Все прочее оказалось проще простого. Низкий железный заборчик, отделявший от тротуара невидимый под сугробами газон, заменил кресло в кафе. Для пущей убедительности Петр Леонидович подстелил оказавшуюся в кармане полушубка газету. Оставалось хлебнуть пива. Старик поднес к носу горлышко, вдохнул. Нет, пожалуй, не стоит.

Сухариков? Наверное…

Холодная зимняя улица пуста, если не считать скрипящего на повороте трамвая. Пусты заледенелые ступени. Пуст грязный асфальт, до срока – четыре минуты…

Великая Дама никогда не торопится и всегда успевает.

Не спешить, не волноваться, держать бутылку дрянного пива как можно естественнее, не спеша разжевывать соленый сухарик. Налево и направо не смотреть, только вперед, на заледенелые ступени под мертвым циферблатом.
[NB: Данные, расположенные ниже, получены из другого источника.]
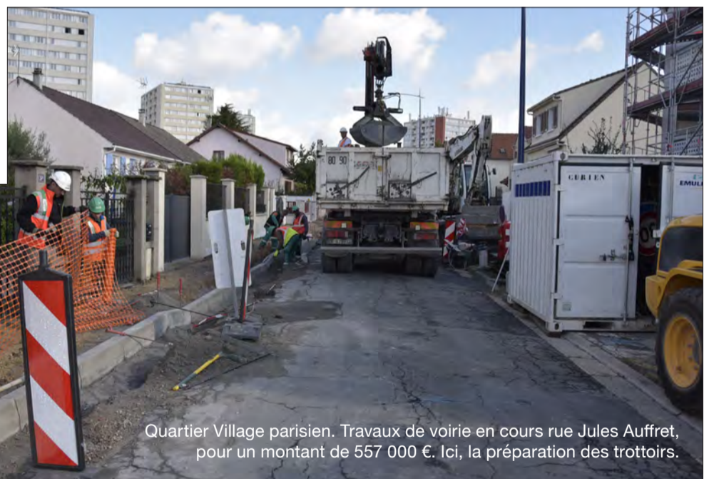
Quartier Village parisien. Travaux de voirie en cours rue Jules Auffret, pour un montant de 557 000 €. Ici, la préparation des trottoirs.

Рутина, местная командировка, «целевой выезд».

Петр Леонидович запоздало пожалел, что всерьез не взялся за Не-Короля год назад, когда тот начал опаздывать на работу, а потом нагло прогуливать. Не надо травить собаку и будить не стоит, а уж резать ей хвост по частям – и вовсе грешно. Артур, несмотря ни на что, нравился старику. Хотя в его годы («его годы» – залитый жарким солнцем белорусский лес 1941-го) тогдашний Петр Кондратьев ничем не походил на нынешнего буйного сменщика.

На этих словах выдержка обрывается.